Frankel: There is a school of thoughts among cyber experts which argues that corporations should hide damaging malware among their most sensitive files. That way, if a hacker – say, the intelligence service of another country, or hackers working on behalf of a rival corporation – manage to breach the company’s security and steal sensitive files, the hacker would infect its systems with the malware hidden among the files stolen from the hacked company. Would you advise American companies to adopt this strategy?
Lemieux: No. I don’t think that the cyber equivalent of the “Castle Doctrine” is a viable option for American companies. I can see how it makes a great conversation in the business lounge but I am thinking about all the legal liabilities of being in possession of malware, insurability of a company if this goes out of hand and the malware deploy within the company own systems, the messiness of the attribution if a government investigation takes place, and last but not least, I would not recommend to a company to get involve in a cyber conflict with an intelligence service from a foreign country … the ripple effects of such situation goes far beyond the company’s own interest.
Frankel: We are told that one of the more serious problems in the cyber security field is the low rate of retention – cyber security employees tend to leave their jobs sooner relative to other specialists. Is this the case? What can be done to correct it?
Lemieux: While there is a massive gap in the cybersecurity workforce, it is good to know that this gap is reducing slowly but steadily. Nonetheless, a 2021 study conducted by ISC2 on the cybersecurity workforce shows that the current need for cyber professionals is estimated at 4.19 million worldwide but 2.72 million job positions are not yet filled. This workforce gap also affect significantly the United States. In other words, the job market is highly competitive for employers.
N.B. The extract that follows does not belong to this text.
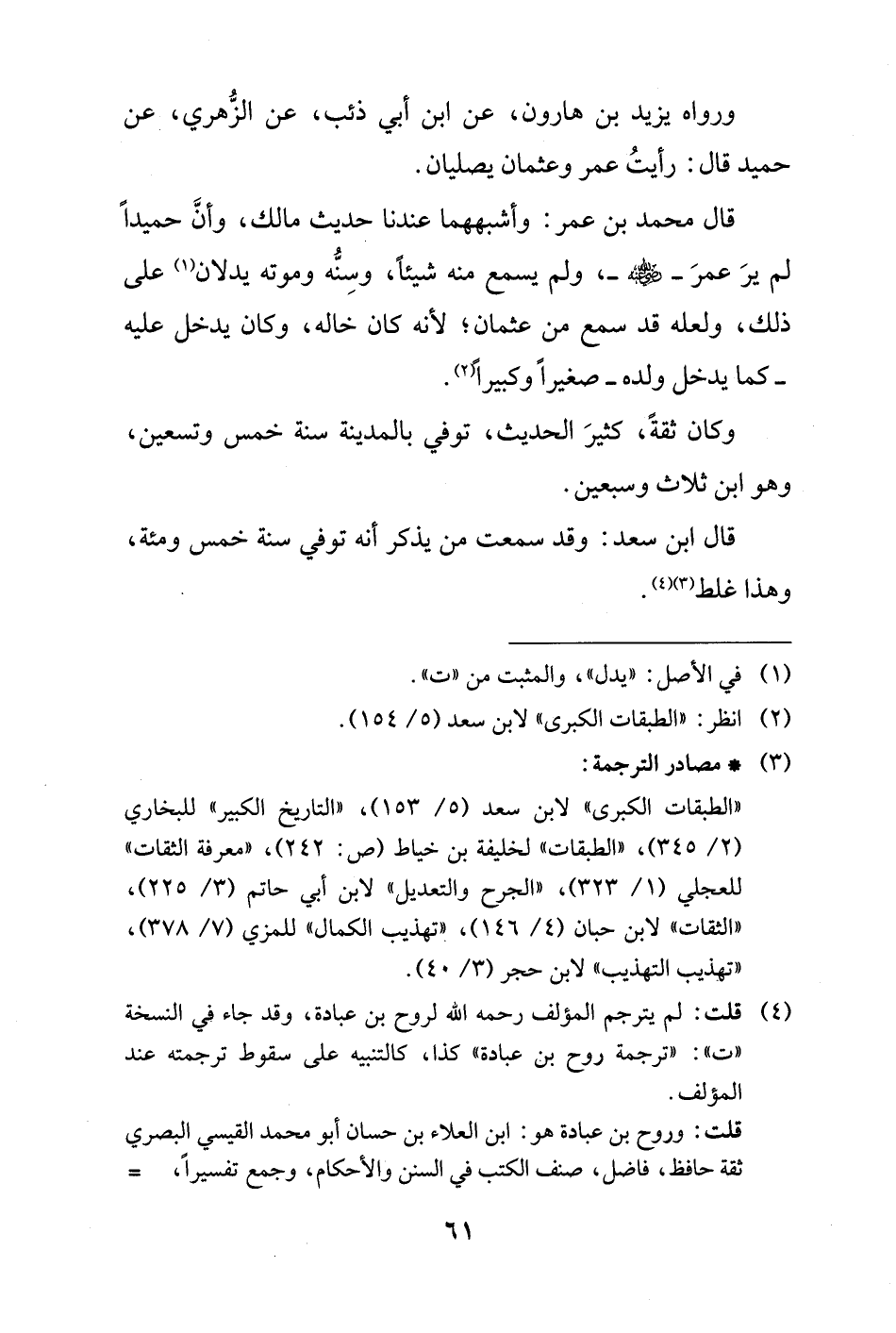 قال محمد بن عمر: وأشبههما عندنا حديث مالك، وأنَّ حميداً لم يرَ عمرَ - رضي الله عنه -، ولم يسمع منه شيئاً، وسِنُّه وموته يدلان (¬1) على ذلك، ولعله قد سمع من عثمان؛ لأنه كان خاله، وكان يدخل عليه - كما يدخل ولده - صغيراً وكبيراً (¬2).

To address this shortage of talent, companies and government agencies are increasing budget for professional training, increase the quality of working conditions, and invest in workforce diversity. They also turn toward technology solutions like using cloud services to secure data, deploying AI solutions to automate some critical cybersecurity tasks, and involve cybersecurity professionals earlier in third-party relationship. Despite these measures, it will take sometimes before we reach an equilibrium between demand and supply of cybersecurity talents.